- **TASK REQUIREMENTS**
The required output is the lines from the one with "Jarrón de cerámica" through the end of the data, repeated verbatim, with no pictures included.

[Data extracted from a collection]
::::::
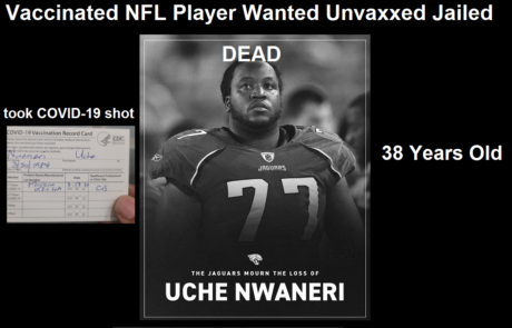 With the collapse of NFL player Damar Hamlin live on Monday Night Football this week, and all the speculation about whether or not his heart attack was related to the COVID-19 shots, the death of former Jacksonville Jaguars offensive lineman Uche Nwaneri has received far less media attention.  Nwaneri is another name added to a growing list of people who publicly flouted their COVID-19 vaccination status, and then vilified those "anti-vaxxers" who refuse to be injected, going so far as to call for the "anti-vaxxers" to be sent to jail, and has now "died unexpectedly" at the age of 38.
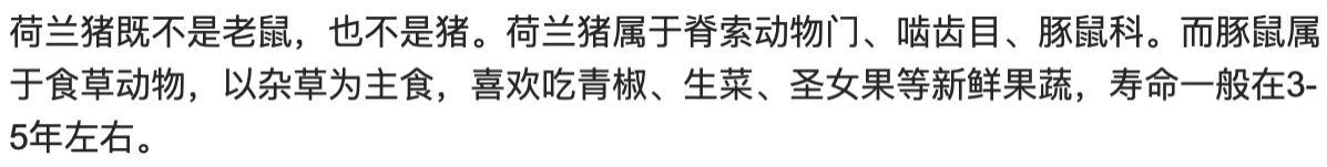 曾经有一段时间,很多小学生都喜欢养一些小宠物,比如说小白鼠、蚕宝宝、荷兰猪之类的,而且这些小宠物都是非常可爱的,比如说荷兰猪,这种小宠物虽然被称为猪,但是和人们印象中的家猪完全不同,而且荷兰猪看起来,似乎和老鼠更为相似,那么荷兰猪到底是猪还是鼠? 民间有句话叫做“没吃过猪肉,还没见过猪跑吗”?这句话是很多人的口头禅,但其实现在见过“猪跑”小孩子真的不多,反而是没吃过猪肉的人是非常少,家猪的体型都是很大的,和可爱是沾不上边的,当然猪崽子其实也挺好玩的,但是它成长速度特别快,在人们还没反应过来的时候,小猪可能已经长成大肥猪了。 因此荷兰猪和家猪是完全不同的,荷兰猪的体型非常娇小,和老鼠看起来差不多大,这种宠物既不是老鼠,也不是猪,而是一种豚鼠,也被称为天竺鼠,是一种没有尾巴的啮齿动物,作为一种群居动物,现在的荷兰猪大都是作为宠物存在的,因为它适应环境的能力不强,所以很难在野外生存。 饲养荷兰猪是有不少禁忌的,第一就是温度,荷兰猪的适宜温度是20度到24度之间,最好不要超过三十度,且不低于十八度;第二就是注意分贝,荷兰猪的听力好,但胆子比较小,所以居住环境不宜有噪声,最好保持在50分贝之下;第三就是饮食,荷兰猪是吃素的,但不能吃洋葱、蒜、韭菜、巧克力之类的食物;第四就是保持笼子中的干燥清洁;第五就是不能给荷兰猪喝生水,第六就是洗澡时不能让水进入荷兰猪的眼睛里,而且水温要适宜,不能太冷或者太热;第七就是给荷兰猪准备一些磨牙的玩具,第八就是荷兰猪是夜行动物,在晚上也需要进食。
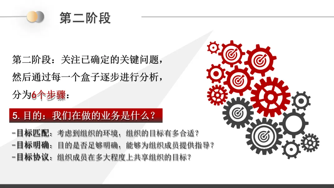 步骤 5:使命 / 目标诊断,核心关注目标与环境的适配性、目标清晰度及组织成员对目标的共识度,明确 “组织在做什么生意”。
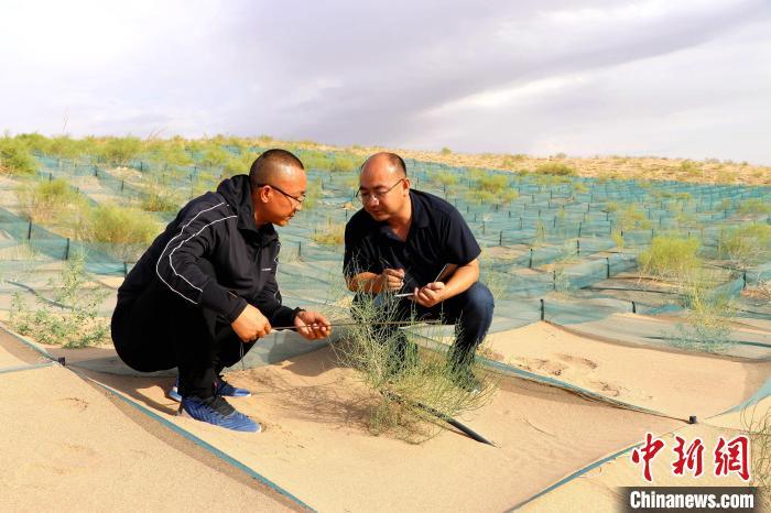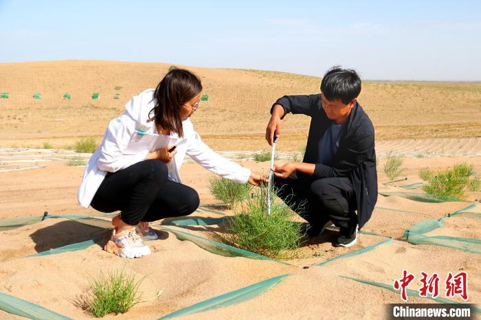 民勤县林业技术人员科学评估“雨养+节水”模式下植被恢复成效。(资料图)马爱彬 摄
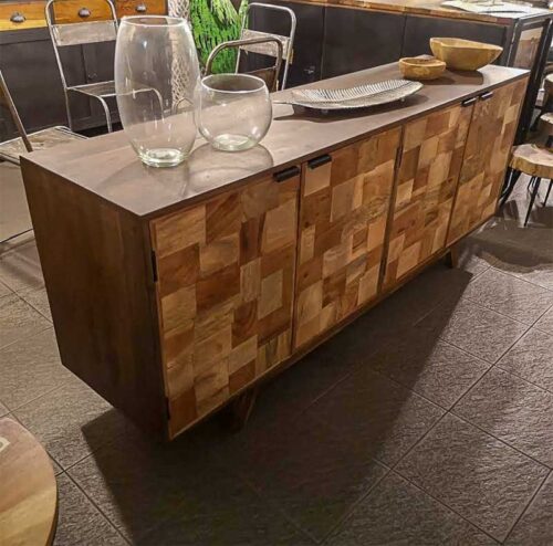 Bellissima credenza molto robusta realizzata in legno massello Indiano, 4 ante con finiture particolari.
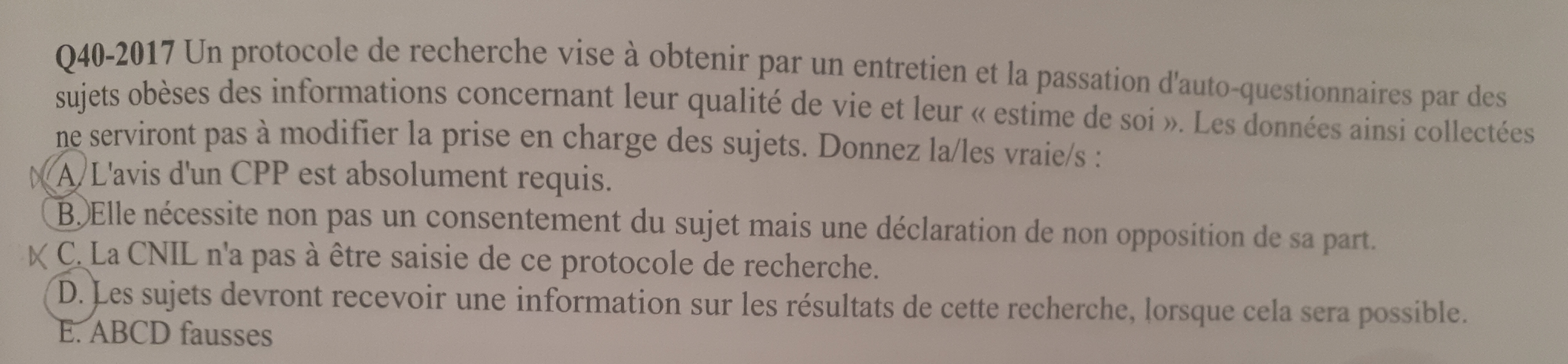 Mais si dans l'énoncé on enlève l'entretien, ça devient une recherche uniquement sur des données de santé (les questionnaires, il n'y aurait pas de contact avec les sujets ), alors dans ce cas l'item A est vrai ou faux ?
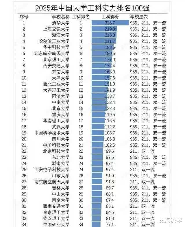 近日,《2025年中国大学工科实力排名100强》正式出炉,这份榜单以科学的评估体系和详实的数据,全面展现了我国高校工科领
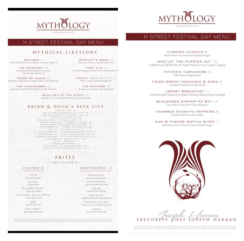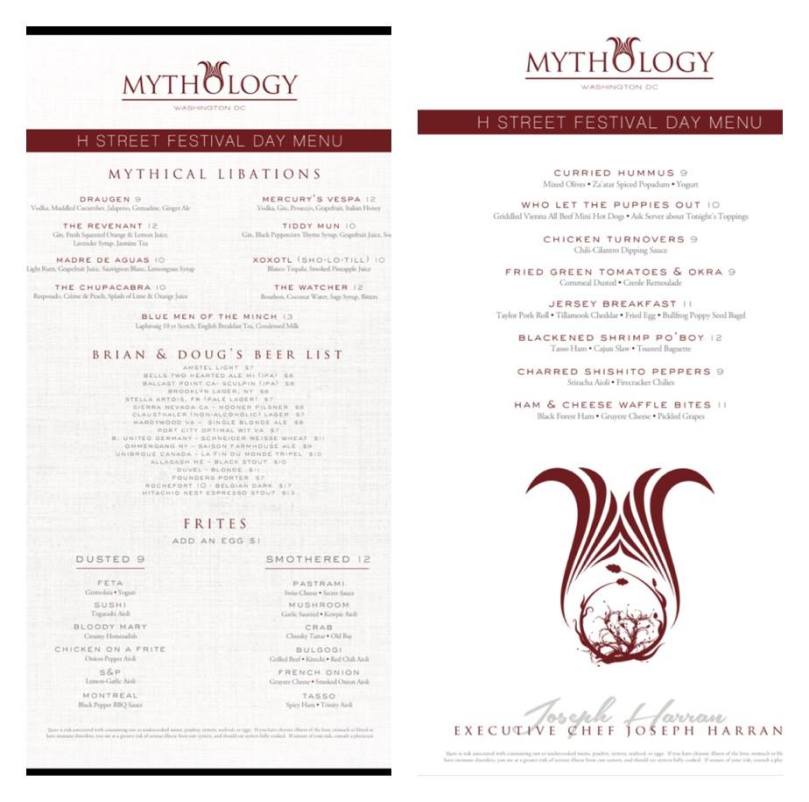 H Street Festival Menu for Mythology Restaurant and Lore Lounge
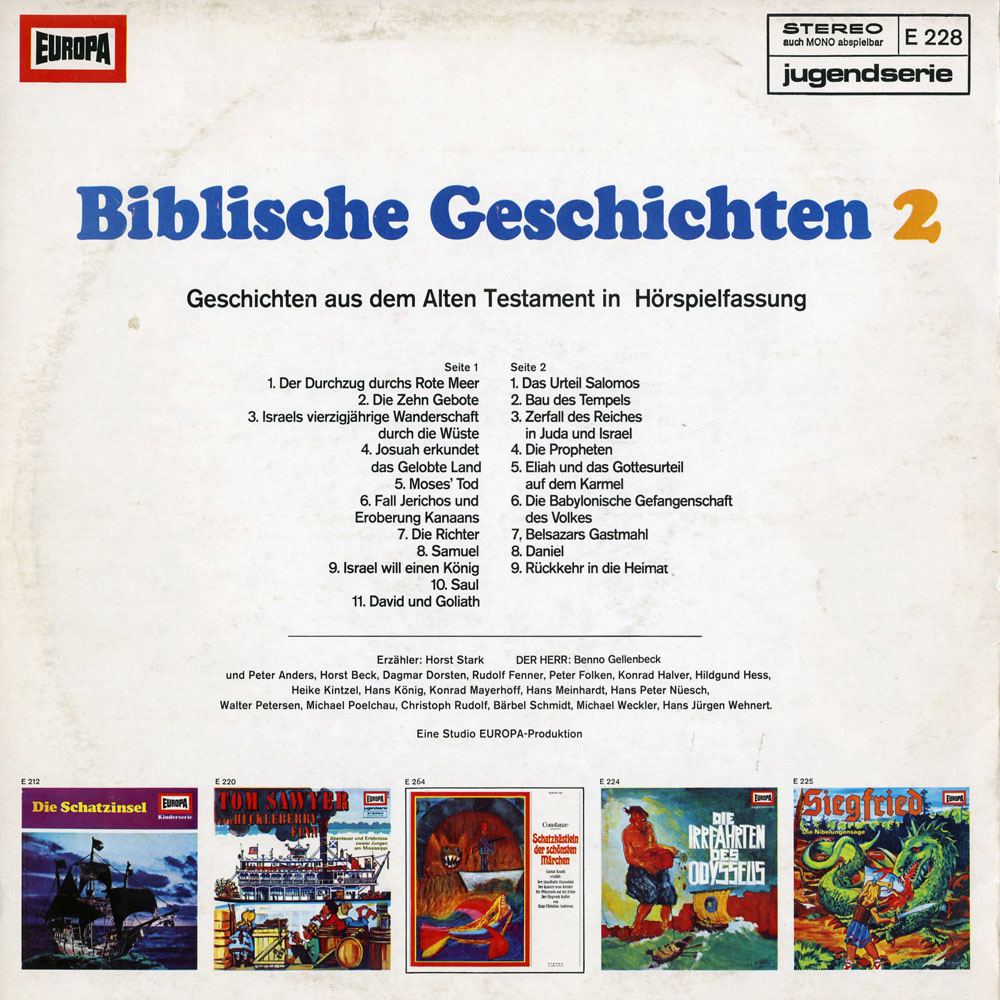 Entgegen der üblichen EUROPA-Praxis findet sich auf der Cover-Rückseite keine Zuordnung Rolle - Sprecher, sondern lediglich eine Aufzählung der Mitwirkenden, welche allerdings sowohl unvollständig ist als auch Schauspieler nennt, die nicht beteiligt sind.
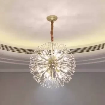 Whimsical and ethereal, this chandelier is a beauty whether lit or not. It resembles a crystal dandelion and adds a magical touch to any room.
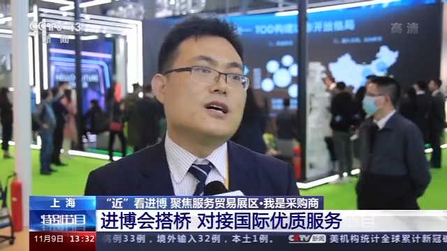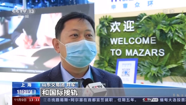 山东交易团 井军:和国际接轨是我们这次来第三届进博会的主要原因,像银行、物流对我们的支持以及审计财务和国际接轨,是为了增进我们企业后期的发展。物流这一块我们考虑的是能不能给客户提供最快的服务,疫情期间,好多东西流通慢了,我们想直接对接能快一些,像我们现在的一些冷链、集装箱的运输,在海上的运输要40多天,如果能缩短的话,找到其他的运输方式,这一部分需要了解。
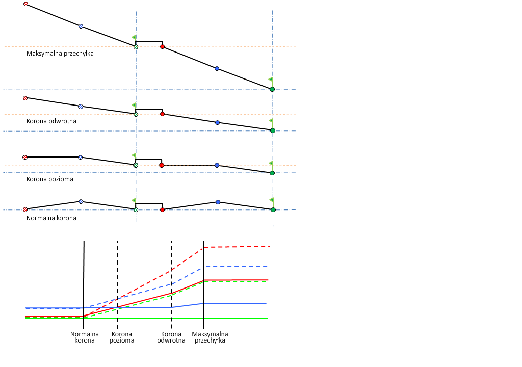 Zachowanie kształtu pasa rozdzielającego oznacza, że po zastosowaniu przechyłki pas zostanie podniesiony w celu dopasowania przechyłki. Ta opcja zachowuje kształt pasa rozdzielającego i podniesione lub opuszczone
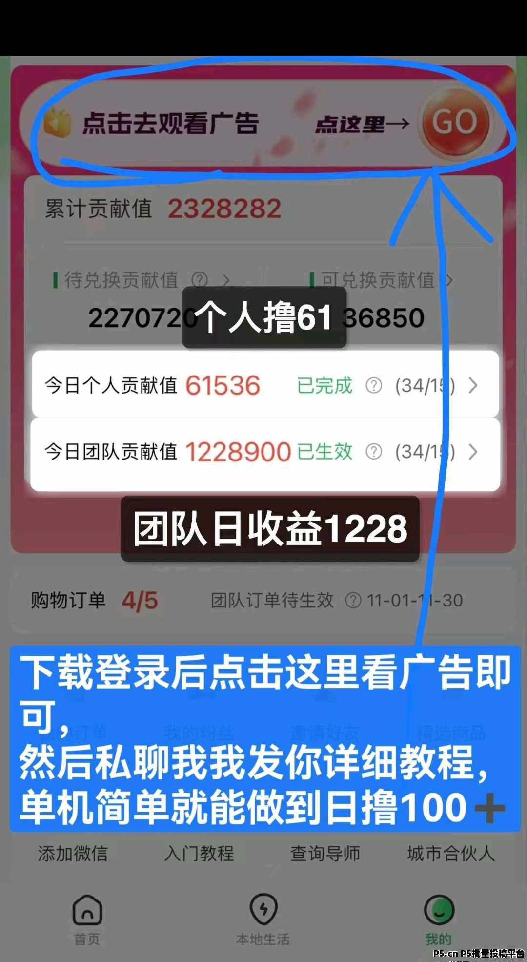 1000贡献值=1元 一部手机一天能看15-60个广告 ——获得几万贡献值
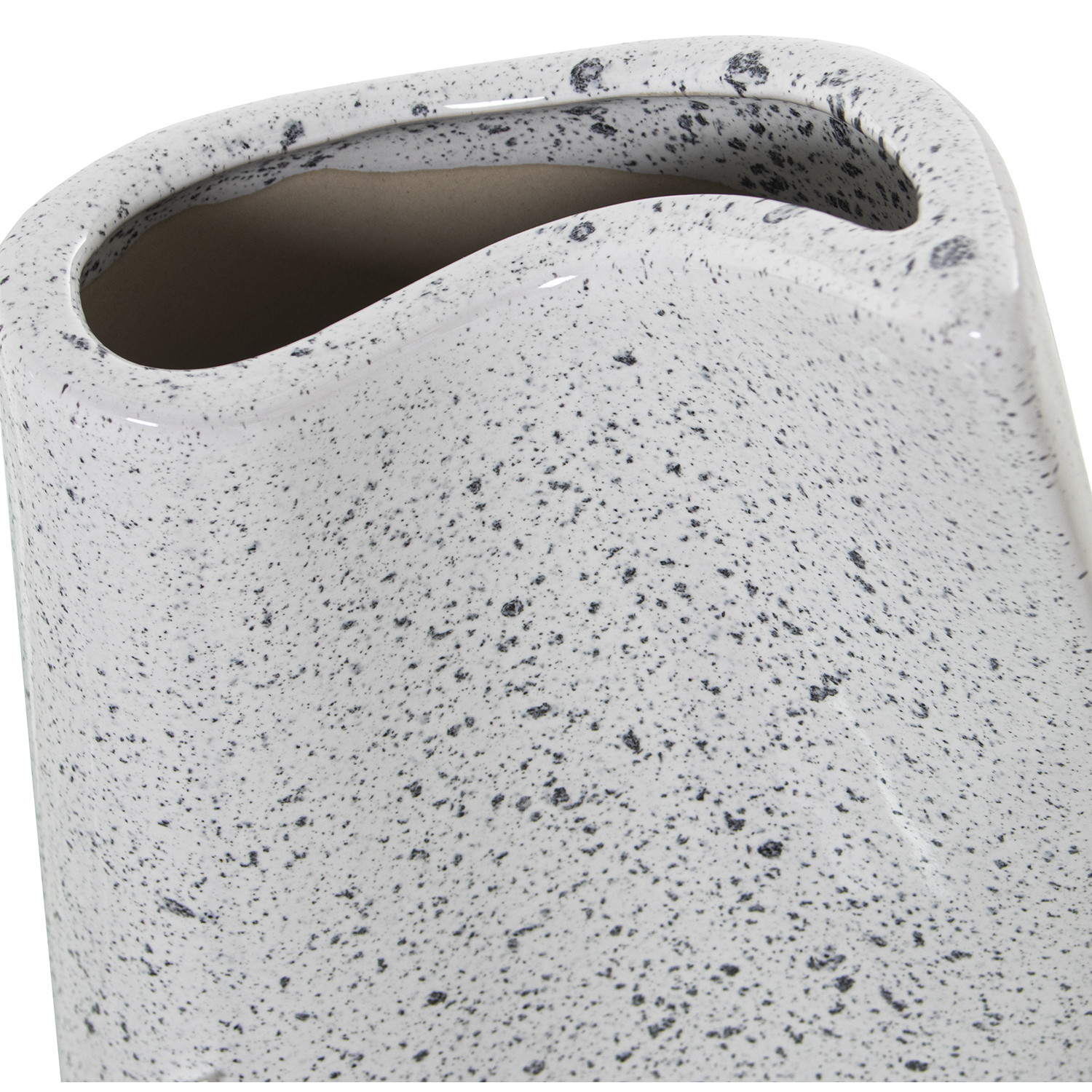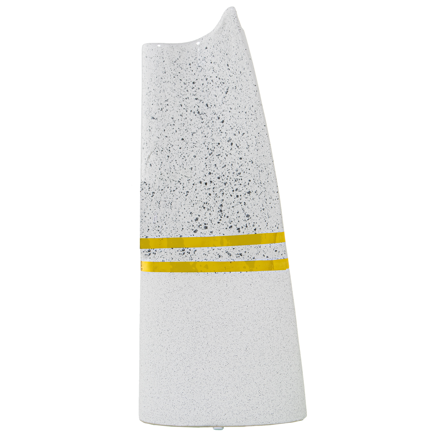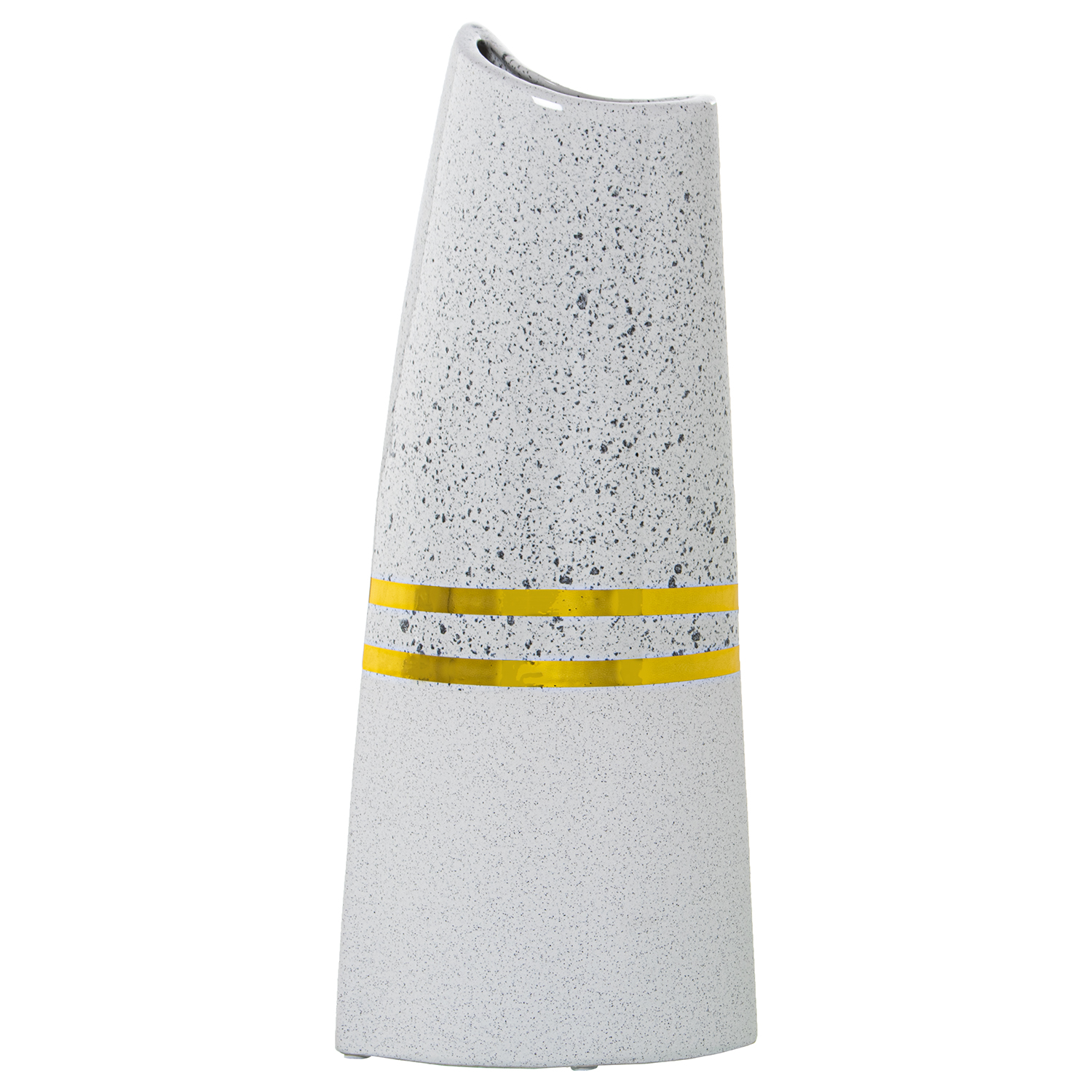 Jarrón de cerámica blanco con detalles dorados y plateados.
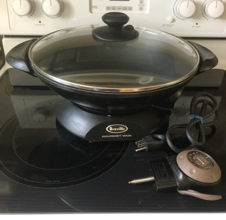 Breville brand electric wok. Features a glass lid and temperature control. Includes power cord and separate temperature controller.
::::::
- **THE ANSWER**
 Jarrón de cerámica blanco con detalles dorados y plateados.
 Breville brand electric wok. Features a glass lid and temperature control. Includes power cord and separate temperature controller.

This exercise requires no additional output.